Generally, oral, intravenous, intracerebroventricular and
subcutaneous doses of the compounds of this invention for a
patient, when used for the indicated effects, will range from about
0.0001 to about 100 mg per kilogram of body weight per day.
[0211] If desired, the effective daily dose of the active compound
may be administered as two, three, four, five, six or more
sub-doses administered separately at appropriate intervals
throughout the day, optionally, in unit dosage forms. In certain
situations, dosing is one administration per day. In certain
embodiments, dosing is one or more administration per every 2, 3,
4, 5, 6, 7, 8, 9, 10, 11, 12, 13, 14 days, or every 1, 2, 3, 4, 5,
6, 7, 8, 9, 10, 11, 12 weeks, or every 1, 2, 3, 4, 5, 6, 7, 8, 9,
10, 11, 12 months, as needed, to maintain the desired expression of
a functional dystrophin protein.
[0212] Nucleic acid molecules can be administered to cells by a
variety of methods known to those familiar to the art, including,
but not restricted to, encapsulation in liposomes, by
iontophoresis, or by incorporation into other vehicles, such as
hydrogels, cyclodextrins, biodegradable nanocapsules, and
bioadhesive microspheres, as described herein and known in the art.
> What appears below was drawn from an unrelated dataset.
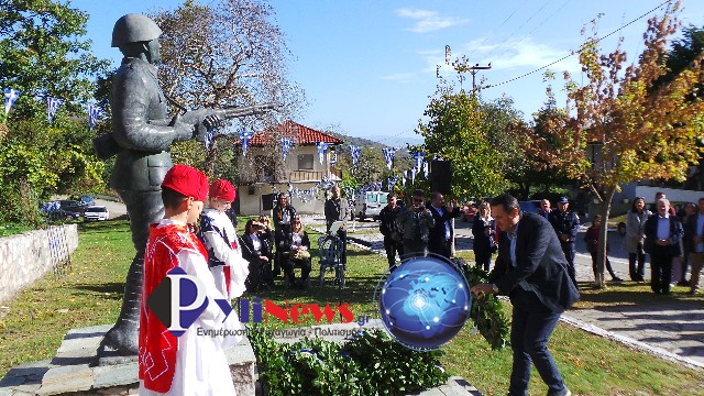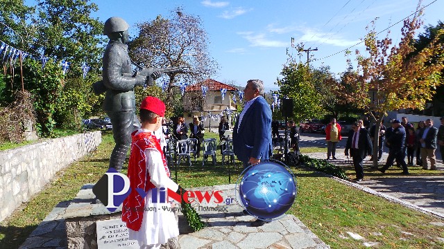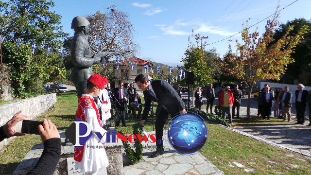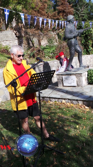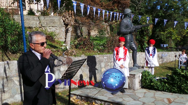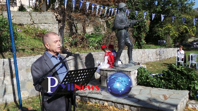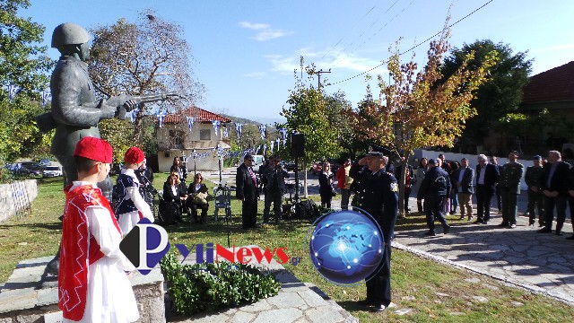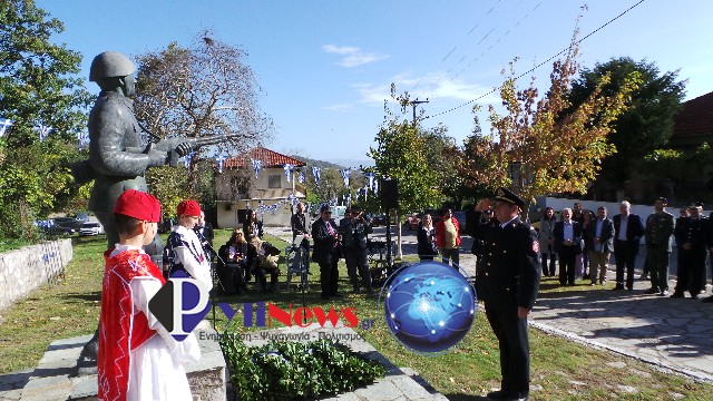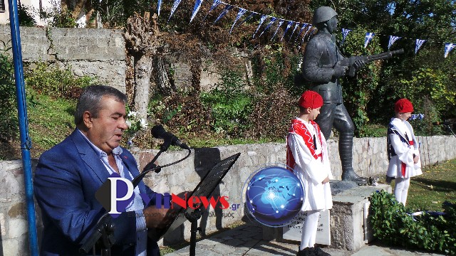 Μετά την τέλεση της Θείας Λειτουργίας, στον Ι.Ν. Αγ. Γεωργίου, ιερουργούντος του π. Αλεξ. Αγγελόπουλου & στον χώρο του μνημείου του πεσόντος, Βασ. Τσιαβαλιάρη, ετελέσθη, επιμνημόσυνη δέηση, για να ακολούθησαν σύντομοι χαιρετισμοί των επισήμων & η Παρουσίαση του 1ου Πολεμικού Ανακοινωθέντος Έπους 28ης Οκτωβρίου 1940.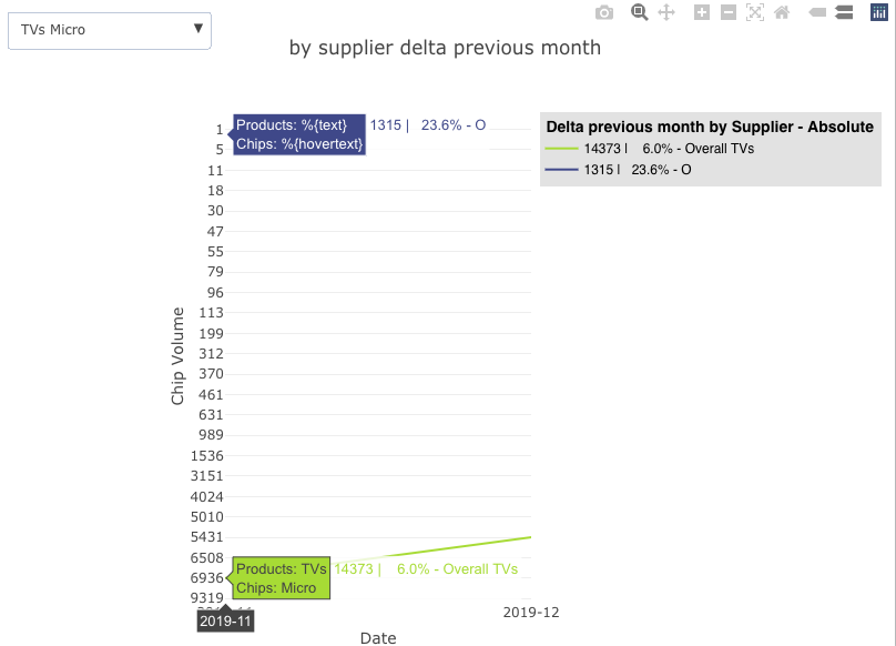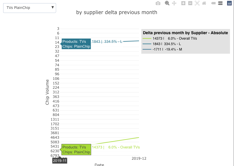 我试图使用R plot_ly来创建一个线条图,可以使用沿着“产品”和"Chip_type“过滤的筛选按钮来切换和关闭线条。其想法是,供应商(“供应商”/“Supplier_text”)每月为公司不同的产品部门(“产品”)提供不同种类的芯片("Chip_type")。为了了解顶级供应商的概况,我想在每个供应商中画一条线,在图例中显示"Supplier_text“,图例条目按照显示在"Supplier_text”前面的abs(数字)向下排序。在这方面,数据tibble被正确地排序。“总体”条目是指该产品的所有供应商的总和。

In certain embodiments, microemulsification technology may be
utilized to improve bioavailability of lipophilic (water insoluble)
pharmaceutical agents. Examples include Trimetrine (Dordunoo, S.
K., et al., Drug Development and Industrial Pharmacy, 17(12),
1685-1713, 1991 and REV 5901 (Sheen, P. C., et al., J Pharm Sci
80(7), 712-714, 1991). Among other benefits, microemulsification
provides enhanced bioavailability by preferentially directing
absorption to the lymphatic system instead of the circulatory
system, which thereby bypasses the liver, and prevents destruction
of the compounds in the hepatobiliary circulation.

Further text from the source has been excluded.